Solution: Always provide an embeddings function:

# Minimum (hash-based, for testing)
def hash_embed(texts):
    import hashlib
    out = []
    for t in texts:
        h = hashlib.sha256(t.encode()).digest()
        v = np.frombuffer(h, dtype=np.uint8).astype(np.float32)[:256]
        v = (v - v.mean()) / (v.std() + 1e-8)
        out.append(v)
    return np.vstack(out)

# Better (semantic)
def semantic_embed(texts):
    from sentence_transformers import SentenceTransformer
    model = SentenceTransformer("all-MiniLM-L6-v2")
    return np.array(model.encode(texts, normalize_embeddings=True), dtype=np.float32)

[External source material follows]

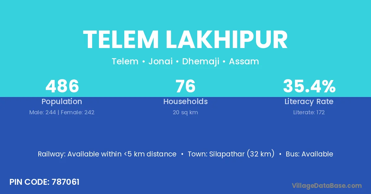 Silapathar (32 km) is the nearest town to Telem Lakhipur village for major economic activities and is located approximately 32 km away.
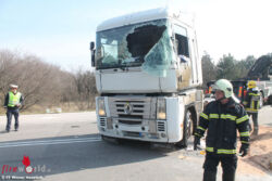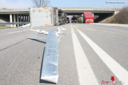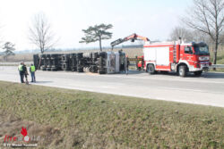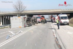 WIENER NEUSTADT (NÖ): Zur Stunde – 10. März 2016, 14.15 Uhr – befinden sich etwa zwei Dutzend Einsatzkräfte der Feuerwehr Wiener Neustadt auf der B54 bei Wiener Neustadt nach einem schweren Verkehrsunfall im Einsatz. Ein Lkw war bei der Abfahrt von der S4 auf der B54 ins Schleudern geraten und umgekippt. Die Beifahrerin musste mit dem Notarzthubschrauber ins Krankenhaus geflogen werden.

❌ Pitfall 3: Forgetting to Call finalize_outcome

Problem: Strategies never update confidence scores.

Solution: Always call finalize_outcome after agent execution:

signature = {"intent": "planning"}
advice = ctx.prepare_for_run(signature)

# ... run agent ...

ctx.finalize_outcome(run_success=True)  # or False with fail_notes

❌ Pitfall 4: Vague Strategy Text

Problem: Strategy text is too specific or vague:

  • Too specific: “Use requests.get to fetch data from the API at port 8000”
  • Too vague: “Do things correctly”

Solution: Keep strategies generalizable but actionable:

  • ✅ “Validate API responses before processing data”
  • ✅ “Check input parameters before executing operations”
  • ✅ “Break complex tasks into 3-5 distinct phases”

Next Steps


Summary

Enabling ReasoningBank = Infrastructure setup (automatic via config) Populating ReasoningBank = Adding strategies (manual or your code)

Vel gives you the tools, but you decide what gets learned and when. This “Own Your Memory” approach ensures full control over your agent’s learning process.